Fool Me Twice

How we react to errors and failures is very important – much more important than avoiding them in the first place.

I recently taught my children how to play a card game called “Bullshit.” If you’ve never played it, it involves lying about the face-down cards you play and lying about the contents of your hand. If someone calls you and you were telling the truth, they’re penalized. If they catch you lying, you’re penalized. The first time we played, my son lost badly because he was very trusting. The second time we played, he won – because no lie works on him twice. Each time he was fooled in some way, he was careful about that particular error. I told him I was very proud of him – not for winning, but for learning from his mistakes so well.

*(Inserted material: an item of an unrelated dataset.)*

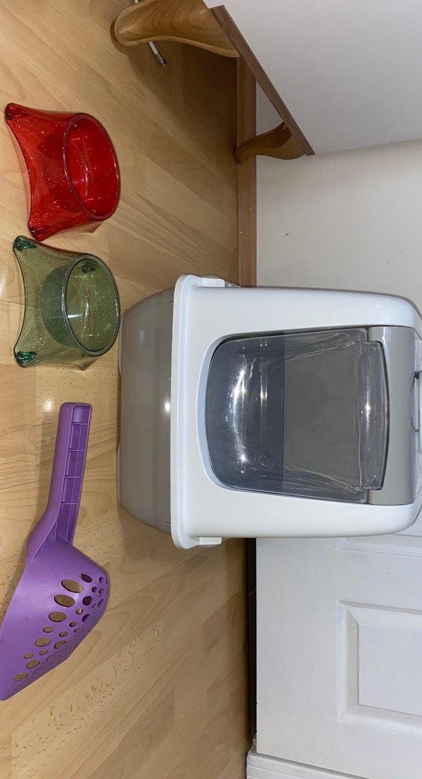 Şeffaf kapaklı beyaz kedi tuvalet kabı, kırmızı ve yeşil mama kabı ile mor kürek. Temizlemesi kolay ve kullanışlıdır. Kesi 1 hafta kullandı ginede temizliği yapılıp gönderilir:) Yanında mama kabı ve eleme aleti verilir ürünün sıfır 700 tl dir.

If you fail in a task, usually you’ll make some change before attempting it again. If you fail again, you now have two mistakes to consider! The first is the original error in overall planning, but the second mistake is that you thought your fix would work, and obviously it didn’t. To avoid cascading, chaotic failures, the second time not meeting your goal is really the critical one. Simple mistakes happen all the time, and simple fixes are usually enough. But if they aren’t, now you’re in “fool me twice” territory. You’re in danger of just flailing around instead of being purposeful.

That’s the time to go back to the drawing board. Look at the whole system you’re trying to navigate. Make a new plan. Get new information. Ask for a second set of eyes to look at what you’re working on. Take the time; by the second failure, it’s almost always worth it. Otherwise, shame on you!